The command preceding that of Beauregard had an effective force of 45,000 men, to defend the department from North Carolina to the cape of Florida; whilst Beauregard had for the same defence
only about 17,000 effective men. This compelled a distribution of forces very wide apart, and hardly in supporting distances, so large were the districts and extended the coasts of the command. To our brigade was assigned the duty of guarding the entire district lying between the Ashley and the Edisto, with the exception of James' island. On the Atlantic front it extended from the Stono to the Edisto, including Johns' island, Kiahwah, Seabrooks, Jehosse, Kings, and Slau's islands, and the Wadmalaw.
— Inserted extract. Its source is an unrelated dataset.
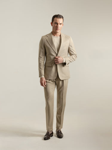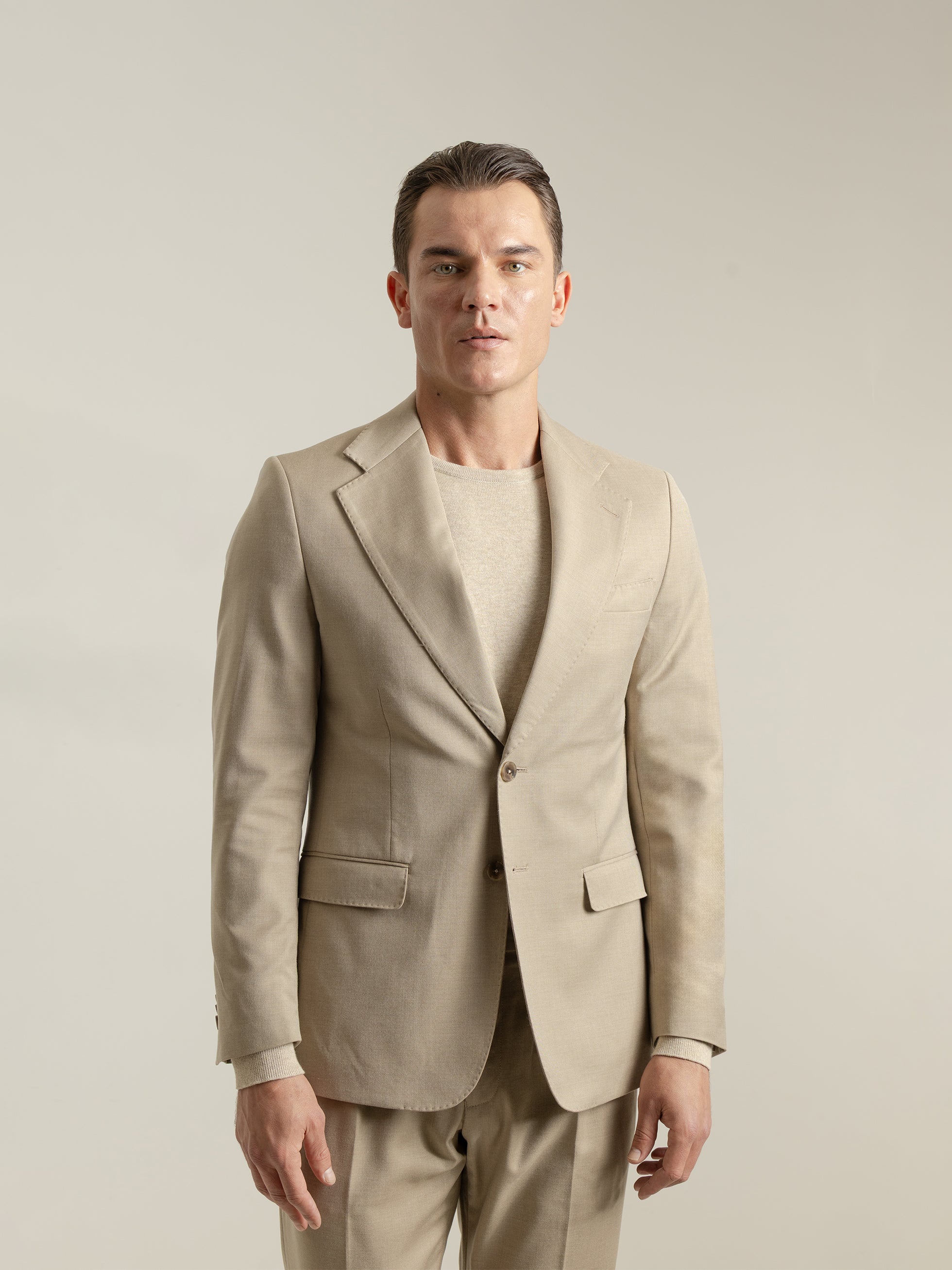 Línea Tailored, corte slim fit, diseño fil a fil arena.

At first, our headquarters were at Wappoo, and then farther South at Adams' Run, and extended from Willtown on the Edisto, to the Church Flats on the Stono, posting Willtown, the Toogadoo, the Dahoo, King's island, Glen's island, Church Flats, and the Haulover, near the mouth of the Bohickett on John's island, besides the forces in reserve at Adams' Run. It was a very laborious and hazardous defence of a coast indented for every mile almost, by waters accessible not only to the war steamers, but to the land forces from Morris' island in the occupancy of the enemy. In every emergency these troops did their whole duty promptly, successfully, and with the approbation and commendation of their superiors. Their duties were constant and active during the whole period from September, 1863, until March, 1864, in doing guard duty in the most exposed situations, and in details upon extensive earth-works, at many and various points. But they were not left to non-combatant work alone. They had two memorable opportunities of showing their alacrity and bravery in the fields of battle. The two war steamers, Marble Head and Pawnee, were too curious in running up the Stono to peer at a Quaker battery, which had been placed above the mouth of the Abbepoola, to deter the enemy, and Colonel Page commanding, with Major Jenkins of the South Carolina troops, and Colonel Del. Kemper of the artillery, were ordered to drive them off. This they did with gallantry, riddling the Marble Head, but the Pawnee got a cross fire on our batteries, and forced Page to fall back, but he fully effected the purpose of the expedition, and won my most hearty thanks. He was
one of the coolest men I ever saw under fire. On his dull sorrel horse, he rode about the field under showers of shot and shell, without turning his head, or giving it a twitch even at the sound too near of that awful aerial whisper: "where is he? where is he?" before an explosion which crashed as if heaven and earth were coming together. His mounted unconcern was so marked that it did not escape the notice of that cool and gallant soldier, Major Jenkins, the brother of the lamented General M. Jenkins, of South Carolina.